How to guide and govern your child’s behaviour so that THEY take responsibility for their actions and make more effective choices, AT ANY AGE – even toddlers!!!

Imagine for a moment what your life would be like if you could only master the ability to somehow teach your child to become so conscious of their behaviour and the choices they make, so that you didn’t have to constantly remind them and nag them about the same thing over and over, end up losing your cool, yell, hit, or crush them with your words by acting out of anger (and then dealing with the guilt afterwards)!!!

Again, I would like to recommend and give credit to Chick Moorman, who wrote the book “Parent talk”. This was the most pivotal book for me personally, in regards to my parenting. I highly suggest you get a copy! Alot of what I will write here, I learned from this book!

Children often choose behaviours we don’t appreciate. But I believe it is at these very moments, that our responsibility as parents is to separate the deed from the doer!! The best way to do this is to speak positively to the child first, and then constructively to the behaviour second.

deed from doer (1)

“I love you Ellie, but I don’t like shopping with people who choose that behaviour” – notice we didn’t say “I don’t like shopping with you when you choose that behaviour”. We said “I don’t like shopping with people who“. This takes the behaviour away from “Ellie” and it is not a personal attack at her.

“Billy, I really enjoy being with you, but when you decide to be that loud, I need to go somewhere else” – notice we didn’t say “I don’t like being with you when you’re that loud”. It wasn’t made personal to Billy.
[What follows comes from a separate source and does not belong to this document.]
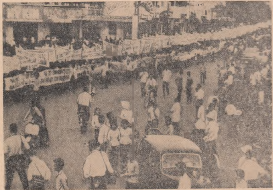
VIETNAMUL DE SUD: imagine de la una din ultimele demonstrații antiguvernamentale deslășurate la Saigon

O altă problemă controversată a fost aceea a alegerii viitorului secretar general al Commonwealth-ului. Printre posibilitățile ale căror nume au fost reținute pentru acest post se numără Arnold Smith (Canada), J. Desai (India) și Osman Ali Beg (Pakistan). Sarcina numirii secretarului general e recent, în ultima instanță, tot primilor miniștri din țările Commonwealth-ului, care urmează să se întrunească în cursul acestei sesiuni. Potrivit recomandărilor conferinței celor 20 de delegați din țările membre, cu această ocazie, vor fi numiți doi sau trei secretari adjuncți.
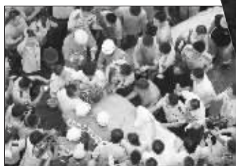
营救成功后,现场人员欢呼

“Stephen and Sienna, I love you both, but when you choose to fight and hit each other, you are choosing to spend some time alone in your bedroom”.

This kind of language makes it clear that the parent is not willing to accept the behaviour, but he/she still loves the child. In this case, the child does not feel disapproved of. It is the behaviour that is disapproved of, not the child.

In order to protect the self-esteem and the ‘spirit’ of the child, children must learn that they are not their behaviour. Sometimes, children equate themselves with their actions, and so when they are told off, the conversation they have with themselves on the inside of their mind is that it was THEM that wasn’t good enough, and it was THEM that mummy or daddy doesn’t like, rather than the BEHAVIOUR.

As parents, we must NEVER use words such as “you are”, or “gosh  you’re”…  For example, You are naughty! Gosh you’re naughty! Gosh you’re annoying! This is a personal attack on the child, and injures their spirit and the belief they have of themselves! If you are a parent who uses this language, you really really have to make a decision right this very moment to stop this right now, with no exceptions, as if your life depended on it. Don’t beat yourself up, you can’t ever do better until you know better… and after this article, you will know better, so you can now do better!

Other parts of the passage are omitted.